No the start pb is I:3/0 for both my handwriting is just sloppy.Ok I will try that.So the pseudocode is I will have 5 different outputs.They each stay on for 8 seconds then move to the next step.My counter must retain its accumulated value if stopped ,and the position must not move to next step after the restart.I am sorry this is not my job it is for a class project .I must have a mov instruction ,and a jsr.That is why the jsr is in there.I know I must look like a complete noob.I am sorry.I just don't have anyone to ask for assistance.

 

[Joewiza1]

The simplest thing to do would be to change the RTO instruction that uses T4:0 to a TON instruction; then T4:0 would reset its accumulator to 0 any time the value of Hold becomes 0.

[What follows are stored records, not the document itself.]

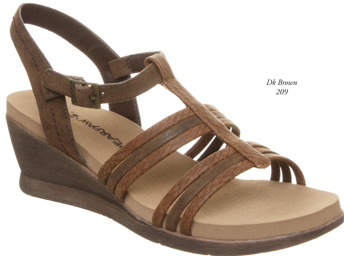
Dk Brown 209

STYLE NO. 2095W SIZES 5-11 half-sizes available
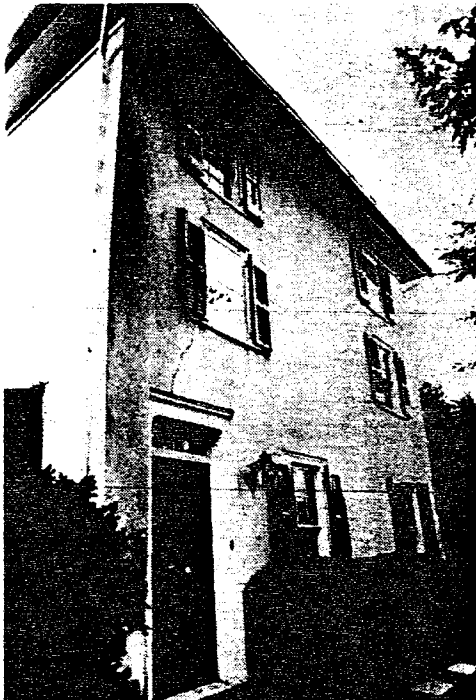
Front View of Olson Home
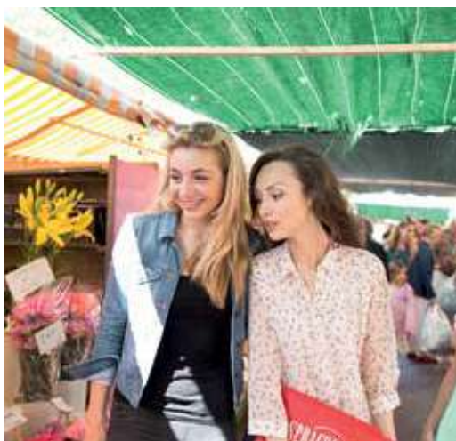
The famous flower market perfectly embodies the vibrancy of life in Nice: a visit is compulsory!

That would also eliminate the need for Rung 0002, as the timer would reset on any single scan when it expires (i.e. when T4:0/DN value becomes 1)

It has to be a rto

 

[drbitboy]

I suggest you read the description of the TON (here*) and RTO (here*) instructions. Pay particular attention to

• the timing diagrams (at the bottom of p. 79 for RTO and the bottom of p. 98 for TON)
  • Note the difference in what happens to the .ACC attribute when the rung condition in transition from 1 to 0 in the cases where "the timer did not reach .PRE value"
• the flow charts

* Those links are for Logix/Studio 5000, but the timers operate in essentially the same way as RSLogix 500; the only significant difference is that the 5000 timers only have a single timebase (1ms i.e. 0.001s) so there is no Timebase input parameter, but that does not effect the timer-internal logic and operation conceptually.

 

[drbitboy]

It has to be a rto

Why? The only reason to use an RTO is to retain the accumulated time when the rung-in-condition is False, and you state in Post #1 that that retention of accumulated time is an undesirable behavior.

If there is indeed some other reason, then @robertmee told you what to do: reset the accumulated time to 0 when the value of Hold is 0.